Gliscor drifted above the yard in lazy patrol loops. Krookodile lay just inside the open gate like some smug, scaly watchdog. The stone pile on the slope behind the house looked…less like a heap and more like a low, tiered wall.

Flygon swooped down in a controlled arc as he reached the gate, lowering Sack Two gently onto the packed earth just inside it before releasing the rope and gaining height again.

As David stepped through, Krookodile's head came up. His nostrils flared. His gaze immediately tracked to the sacks.

"Don't even start," David said. "This has to last longer than one enthusiastic lunch."

He let Sack One slide off his shoulder with a grunt of relief and set the backpack down beside it. Flygon landed nearby, folding her wings neatly.

Swampert appeared, shook once, and immediately homed in on the scent of fresh feed. Excadrill surfaced from the edge of the slope, nose dusted with soil. Nidoking was standing beside the stone pile, arms folded, trying very hard to look like he hadn't been waiting to be noticed.

 

David stopped.

The pile was still a pile, but it now had structure.

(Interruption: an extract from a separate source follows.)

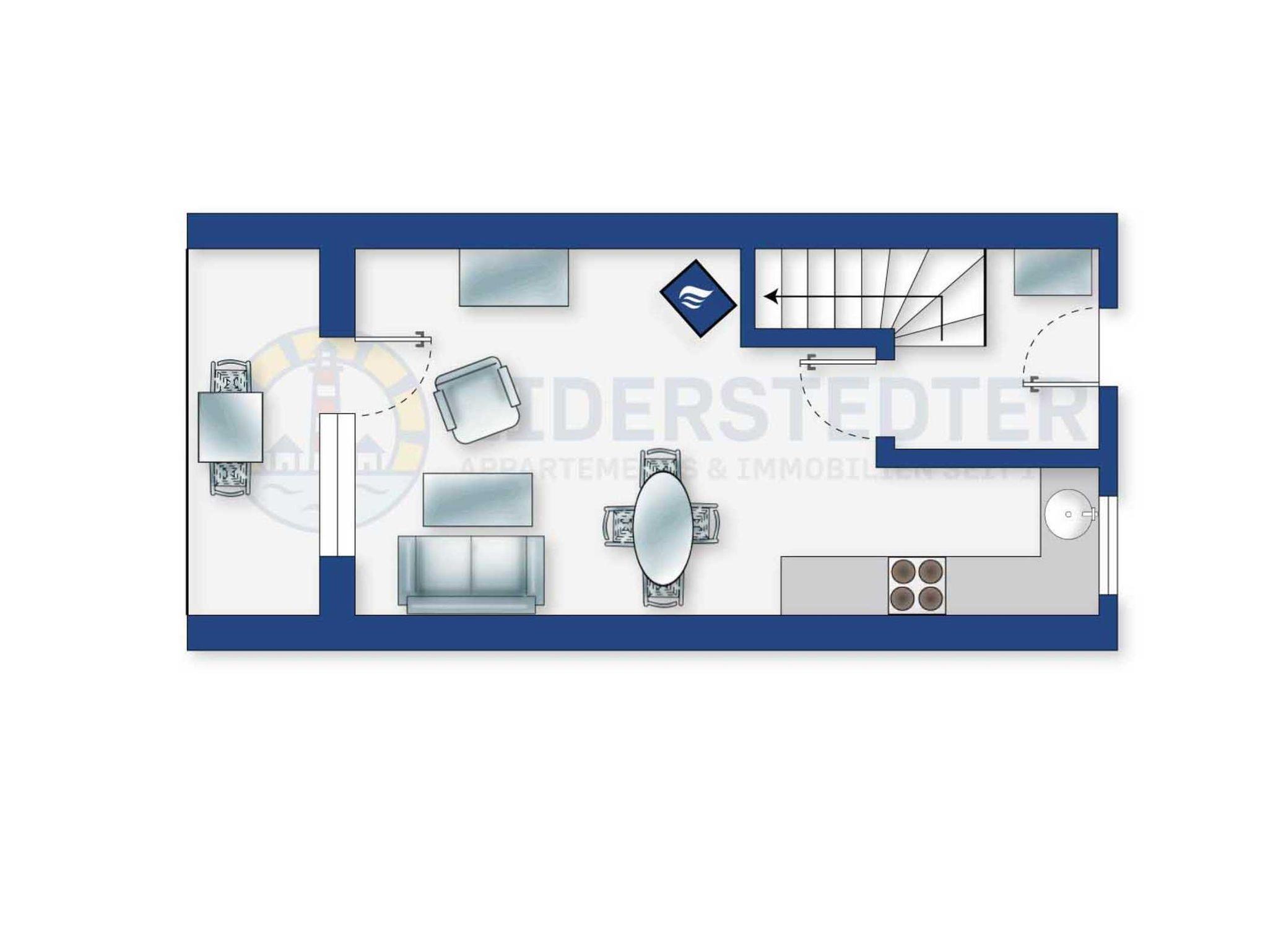 Gemütlicher Mittelhausteil mit Kaminofen und Terrasse in zentraler Lage von St. Peter-Ording.

"Well, look at that," he said.

Nidoking's chest puffed out half an inch. Excadrill chittered, satisfaction in every line of his body.

David walked over, ran a hand along one of the lower stones, giving it a testing shove. It didn't budge.

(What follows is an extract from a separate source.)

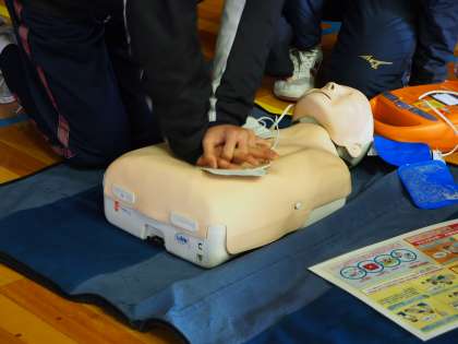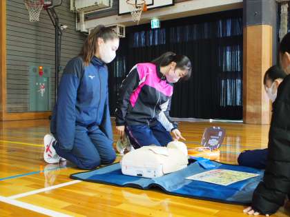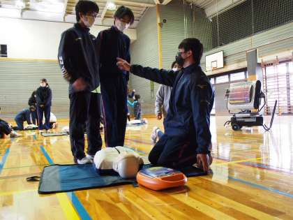 12期生が心肺蘇生法とAEDの扱いについて学んでいます。指さし確認や胸骨圧迫のポイントを動画で見たあと、ダミー人形を使って実地に学びます。人形にはセンサーが内臓されていて先生のPC画面に情報が行く仕組み。「2番の班、もう少し早く」と指示がでます。

"Nice work," he said. "That looks like it might not kill me when I'm not looking. I'm impressed."

Nidoking grunted, trying—and failing—to hide his pleased rumble. Excadrill did a little hop and disappeared underground again, popping back up on the far side of the pile, already fussing at another seam.

Gliscor swooped lower, eyeing the sacks.

"Yes, there's soap in there too," David told him. "Yes, you are going to discover what it is. No, hanging on the ceiling doesn't make you immune to hygiene."

Gliscor recoiled dramatically, tail flailing.

They spent the next hour unpacking and stowing: feed into bins in the old feed room, flour and basics into the pantry, nails and screws into neatly labelled jars on a shelf that hadn't seen that kind of organisation in years, fence wire stored high and safe, seed bag lined up by the back door ready for spreading. David propped the new hoe handle against the old, cracked one and eyed them both, deciding to give his back one more day of pain before tackling the swap.

Only when everyone had eaten a proper second breakfast, and the worst of the mud was scraped off boots and claws, did he sit down at the kitchen table with his notebook again.